--- 28 June 2016 ---

The Project

In the STEAK project, a telephone conferencing system is implemented that (a) provides spatial audio and (b) is legacy compatible. This system will provide a spatial representation (i. e., “3D audio”) of a telephone conference using binaural synthesis (i. e., a signal for each ear is computed and presented using a pair of headphones).

The STEAK project has two goals:

1. Implementation of a real spatial conferencing system

In the STEAK project, a legacy compatible spatial telephone conference system is implemented. If participants join a conference via VoIP (WebRTC or SIP) and are capable of reproducing stereo signals via a pair of headphones, then a spatial presentation can be made available to them. This system is legacy compatible, i. e., so participants can also join a conference call via a standard telephone. These participants then only receive a standard (mono-mixed) representation, which does not contain spatial cues.

The system will be implemented using open-source components only and the final implementation is going to be released as open-source.

2. Research on advantages of spatial conferencing

Spatial representation for telephone conferencing is expected to reduce the effort for participants to follow the conversation.

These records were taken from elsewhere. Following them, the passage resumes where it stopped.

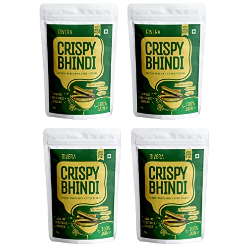 Rivera Crispy Bhindi (Jain)Okra Chips Vegetable Snacks Vacuum Cooked So No Need To Cook Ready To Eat 50G Each (Pack of 4)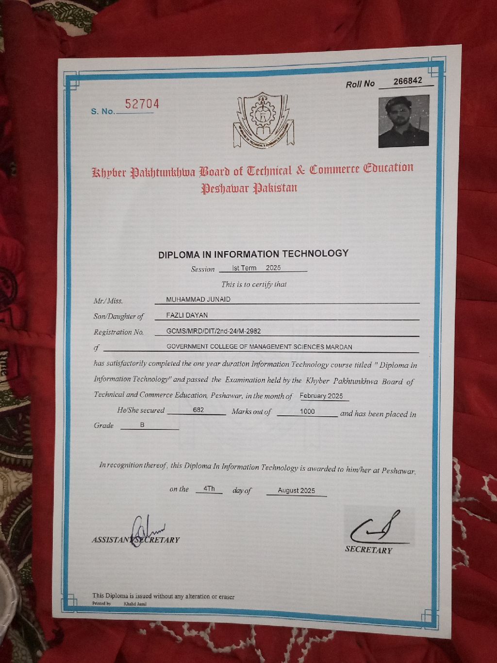 My qualification I am educated my experience 4 years old and my education metric pass and FSC pass I have a diploma of DIT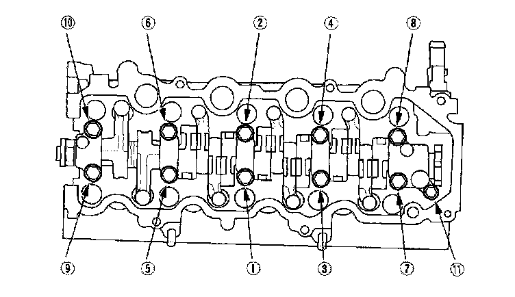 Apply engine oil to the bolt threads and flange. Tighten each bolt two turns at a time in sequence.

In the context of the STEAK project, we are going to investigate if telephony-related artifacts, such as background noise, can be attributed to individual participants of a telephone conference.

STEAK has one limitation: no headtracking

The telephone conferencing system will be implemented as a centralized conferencing bridge (i. e., binaural rendering takes place at the conference server), and clients will only playback the rendered binaural signals. Using a centralized conferencing bridge avoids sendings the signals of all participants to all other participants and thus less bandwidth is required. However, the introduced delay of the central rendering and transmission prevents accounting for head rotation of participants. In fact, humans explore their sound environment by rotating their head and thus can select and focus on individual sound sources. This requires that the head rotation can be measured precisely and, if the head rotates to render the signals accordingly. This requires the use of a headtracker and the virtual sound scape needs to be adjusted almost instantanously. Due to the implementation of centralized conferencing bridge, such a low delay cannot be provided as the rotation must be measured, send to the server, rendered by the server, and send the rendered signals to the client.

Thus, headtracking is out of scope.